By Doug Bertinshaw
Over the last 24.43 years, I have noticed that while most Business-Owners read and understand their Profit and Loss Account, the Balance Sheet always seems to take second place. It has been referred to as the “BS” report. I needn’t tell you what the B and the S stand for. In actuality, the Balance Sheet says so much more about a business than the Profit and Loss Statement.
Simply put, the Balance Sheet contains details of what the business owns (the Assets) and what the business owes (the Liabilities). The difference between these two numbers is the Net Assets or the Equity of the business, a.k.a. the earnings that have been retained in the business (Retained Earnings). Note that this is NOT the market value of the business (an entirely separate topic).

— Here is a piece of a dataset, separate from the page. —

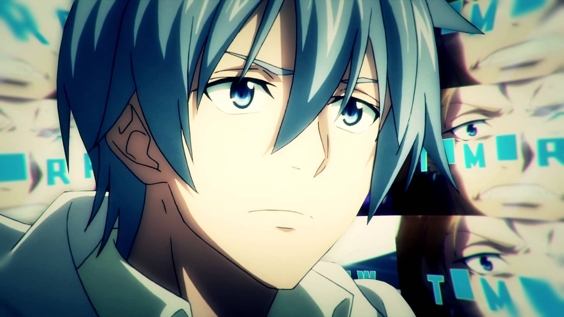 Description: A man with blue hair and a white shirt is staring at something in the distance with other men behind him.

By retaining some profits, you will ensure that your business has a buffer for a rainy day. A solid rule of thumb is to make sure you have two month’s overhead easily accessible.
Downturns happen. They can be major and unexpected, like an economic crisis or relatively minor like seasonal lulls. How a business survives any downturn is to a very large extent determined by what reserves it carries. A large amount of Retained Earnings will provide a buffer for the business to survive inevitable downturns that happen. A business that has little or no Retained Earnings experiences a dramatic reduction in turnover, it may have to rely on the Principals’ own sources of funds to get it through that tough spot.
Grab your recent Balance Sheet and have a look. Chances are pretty good that this Balance Sheet will have a comparative column to the right of it with the numbers for the year prior. What has happened to your Retained Earnings over these two years? You can pretty easily calculate your critical KPIs relating to liquidity and solvency.
It takes just a little effort to increase your financial literacy and thus, your potential for success. Your business’ Retained Earnings are critical to the long-term success of your business. Nurture them.